Quttainah Majdi, Mishra Vinaytosh, Madakam Somayya, Lurie Yotam, Mark Shlomo
College of Business Administration, Kuwait University, Kuwait, Kuwait.
College of Healthcare Management and Economics, Gulf Medical University, Ajman, United Arab Emirates.
JMIR AI. 2024 Apr 23;3:e51834. doi: 10.2196/51834.
The world has witnessed increased adoption of large language models (LLMs) in the last year. Although the products developed using LLMs have the potential to solve accessibility and efficiency problems in health care, there is a lack of available guidelines for developing LLMs for health care, especially for medical education.
The aim of this study was to identify and prioritize the enablers for developing successful LLMs for medical education. We further evaluated the relationships among these identified enablers.
A narrative review of the extant literature was first performed to identify the key enablers for LLM development. We additionally gathered the opinions of LLM users to determine the relative importance of these enablers using an analytical hierarchy process (AHP), which is a multicriteria decision-making method. Further, total interpretive structural modeling (TISM) was used to analyze the perspectives of product developers and ascertain the relationships and hierarchy among these enablers. Finally, the cross-impact matrix-based multiplication applied to a classification (MICMAC) approach was used to determine the relative driving and dependence powers of these enablers. A nonprobabilistic purposive sampling approach was used for recruitment of focus groups.

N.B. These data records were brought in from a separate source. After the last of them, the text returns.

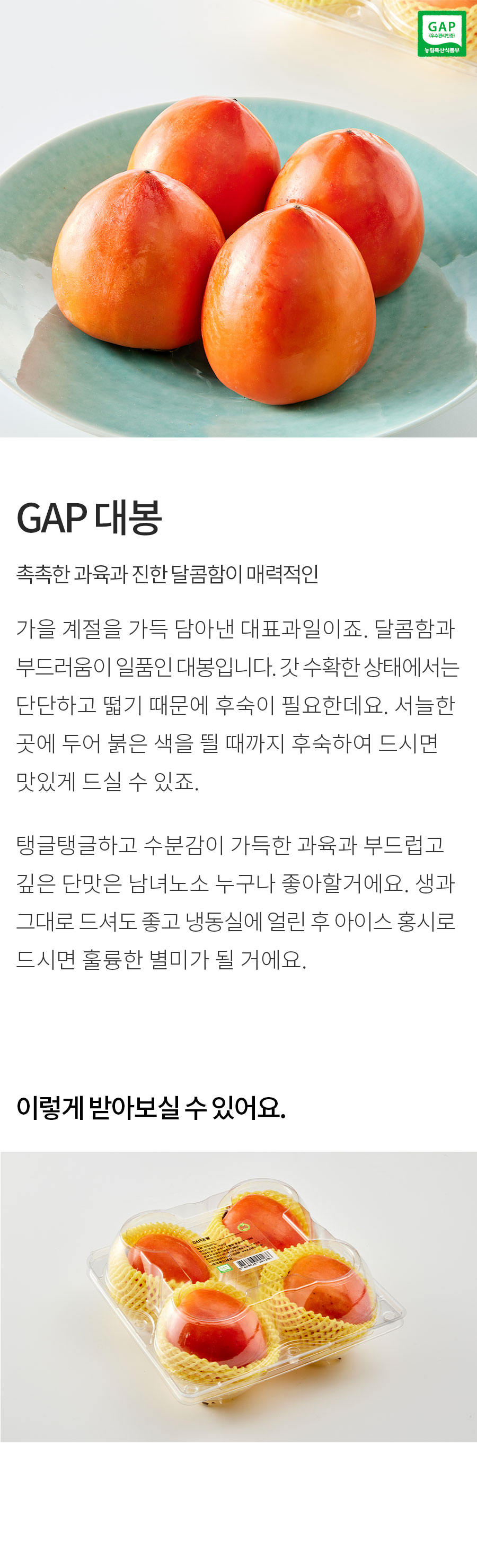 GAP 대봉(4입/900g) 수량빼기 수량추가 5,900 원 총 수량 1 개 5,900 원 구매옵션 닫기 선물하기 구매후기 270 상품상세 정기구독 장바구니 정기구독 장바구니 11월03일 입고예정 정기배송 장바구니
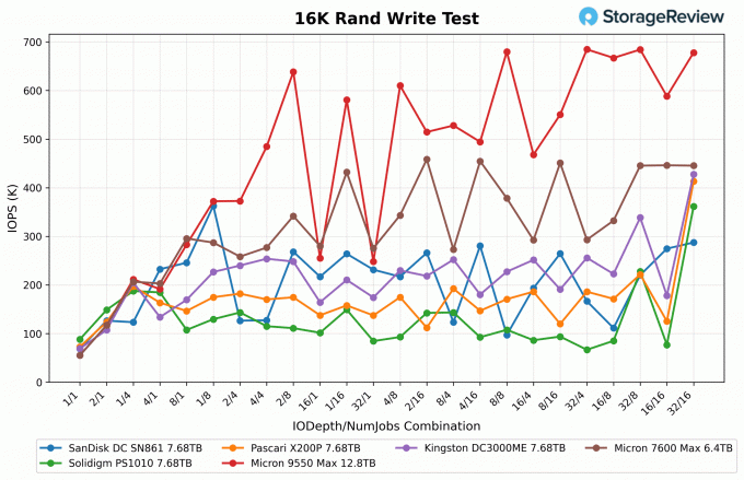 در تست 16K Sequential Write ، Micron 9550 Max (12.8TB) یک بار دیگر تسلط داشت ، با سرعت از 0.85 گیگابایت در ثانیه در انتهای پایین شروع تا اوج 10.7 گیگابایت در ثانیه و به طور متوسط 7.75GB/s در سراسر پاک کردنمایکرون 7600 مکس (6.4TB) با باند عملکرد باریک تر، از 0.84GB / s تا 6.8GB / s، به طور متوسط 5.63GB / s، که آن را به طور محکم پس از 9550 قرار می دهد اما هنوز هم در مقابل اکثر سایر درایوها است..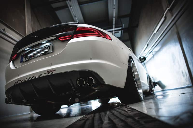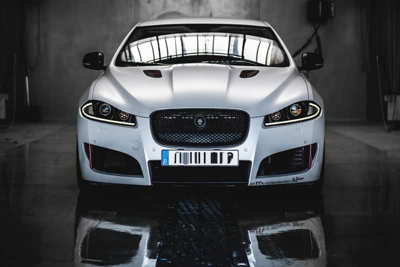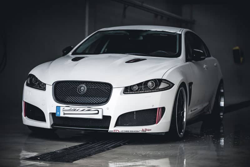 Vor der Fahrzeugvollverklebung durch die Augsburger Design-Agentur sind zunächst allerdings noch einige kosmetische Korrekturen vorgenommen worden. Der an das Design des Jaguar XFR-S angelehnte Frontspoiler bzw. gesamte Bodykit ist sofort lieferbar.

The AHP demonstrated that the most important enabler for LLMs was credibility, with a priority weight of 0.37, followed by accountability (0.27642) and fairness (0.10572). In contrast, usability, with a priority weight of 0.04, showed negligible importance. The results of TISM concurred with the findings of the AHP. The only striking difference between expert perspectives and user preference evaluation was that the product developers indicated that cost has the least importance as a potential enabler. The MICMAC analysis suggested that cost has a strong influence on other enablers. The inputs of the focus group were found to be reliable, with a consistency ratio less than 0.1 (0.084).
This study is the first to identify, prioritize, and analyze the relationships of enablers of effective LLMs for medical education. Based on the results of this study, we developed a comprehendible prescriptive framework, named CUC-FATE (Cost, Usability, Credibility, Fairness, Accountability, Transparency, and Explainability), for evaluating the enablers of LLMs in medical education. The study findings are useful for health care professionals, health technology experts, medical technology regulators, and policy makers.
去年,大语言模型(LLMs)在全球范围内的应用日益广泛。尽管基于大语言模型开发的产品有潜力解决医疗保健领域的可及性和效率问题,但目前缺乏针对医疗保健领域,尤其是医学教育领域开发大语言模型的可用指南。
本研究旨在确定成功开发用于医学教育的大语言模型的推动因素,并对其进行优先级排序。我们还进一步评估了这些已确定的推动因素之间的关系。
首先对现有文献进行叙述性综述,以确定大语言模型开发的关键推动因素。我们还收集了大语言模型用户的意见,使用层次分析法(AHP,一种多标准决策方法)来确定这些推动因素的相对重要性。此外,运用总体解释结构建模(TISM)来分析产品开发者的观点,并确定这些推动因素之间的关系和层次结构。最后,使用基于交叉影响矩阵的乘法应用于分类法(MICMAC)来确定这些推动因素的相对驱动和依赖力量。采用非概率目的抽样方法招募焦点小组。
层次分析法表明,大语言模型最重要的推动因素是可信度,优先级权重为0.37,其次是问责制(0.27642)和公平性(0.10572)。相比之下,可用性的优先级权重为0.04,重要性可忽略不计。总体解释结构建模的结果与层次分析法的结果一致。专家观点与用户偏好评估之间唯一显著的差异是,产品开发者表示成本作为潜在推动因素的重要性最低。MICMAC分析表明,成本对其他推动因素有很大影响。焦点小组的意见被认为是可靠的,一致性比率小于0.1(0.084)。
本研究首次确定、排序并分析了有效用于医学教育的大语言模型的推动因素之间的关系。基于本研究结果,我们开发了一个名为CUC-FATE(成本、可用性、可信度、公平性、问责制、透明度和可解释性)的可理解的规范性框架,用于评估医学教育中使用的大语言模型的推动因素。研究结果对医疗保健专业人员、健康技术专家、医疗技术监管机构和政策制定者有用。